Bambu ia falando empolgado e fazendo a postura do Guerreiro:
— Então convidei a Tatiane para dançar. E a menina aceitou!
Daí a gente tava lá dançando, beleza... e, tchum, tocou Astronauta de Mármore,
versão do Nenhum de Nós para um som do David Bowie. É um som antigo, no youtube
tem. Daí ela foi chegando mais perto. Eu olhava hipnotizado. Os olhos escuros
dela, tipo planetas binários, sabe.
— “Tu gosta dessa música?” — ela me perguntou.
— Mais aproximação. Eu nem sabia o que dizer... “Eu go...
MmmKHMmmFghtmmm”
A turma riu. Até o barbudo. Bambu riu também, de leve, e
seguiu sua fala:
— Tá, o beijo veio no meio do som. Até aí tudo bem, o
problema é que eu não tava preparado e, com dois segundos de beijo, FIQUEI SEM
AR. (risos) Que mico. Precisava respirar, mas não queria perder a sensação do
beijo... E, claro, não lembrei de respirar pelo nariz! Então... respirei dentro
da boca da menina!
— Meeee!!! — disse uma das senhoras.
— Pois é... Daí a música acabou. Ela se afastou um pouco e
perguntou se era a primeira vez que eu beijava alguém. Era. Não sei por que,
mas nunca mais beijei aquela menina de novo. Mas, quer saber? Foi massa.
E Zé Bambu concluiu dizendo que não devemos ser ansiosos e
que a respiração é uma grande aliada. Sem ar ficamos desesperados. O ar é o
nosso primeiro amigo neste planeta.
Pegando carona na história do Zé, queria dizer que, se você
tem aí seus 13 ou 14 anos ou mais e é BV: Não te desespera, irmão. Daqui a
pouco rola. E vai dar tudo certo. Curte o teu BV, porque depois você vai ter a
vida toda para não ser BV.
Fica sossegada. Escolhe alguém legal, significativo. Daqui a
pouco você pode estar andando pela rua, ele tropeça numa pedra, aterrissa no
teu colo e... tchum. Sem stress. Sem angústia. Deixa estar. Mas respira antes.
Fuuuundo. E se você fizer uma trapalhada grande, depois vai poder rir disso,
quando crescer. Desde que seja feito com amizade.
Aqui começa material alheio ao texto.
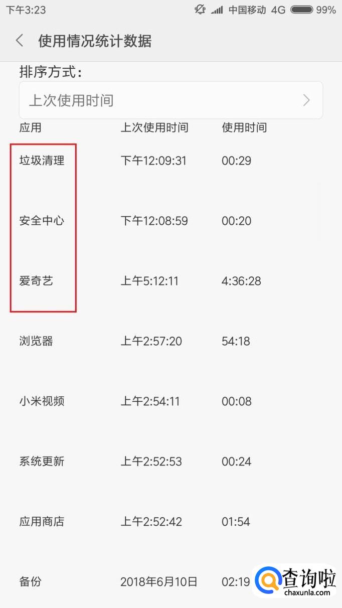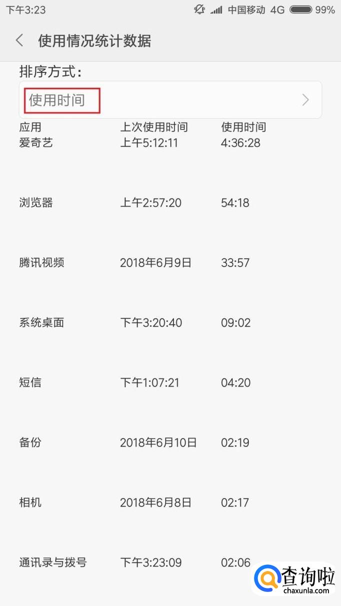 最后,就可以在该页面中看到手机中安装的应用使用时间长度、上次使用时间等信息。

E caso você já seja casado/a há milhões de anos, pode incorporar
a vibe BV e achar um jeito de tirar a teia conjugal, no melhor estilo Geração
Z. Brincando de ir descobrindo o outro aos poucos, em meio ao caos da rotina.
Com algum susto ou surpresa. Com medo de dar tudo errado. Plugado no mundo. Com
o coração vivo.
Enquanto isso, vai estudando firme aí, porque o mundo é dos
BVs (casados ou não), dos Nerds, Geeks e CDFs. Namastê.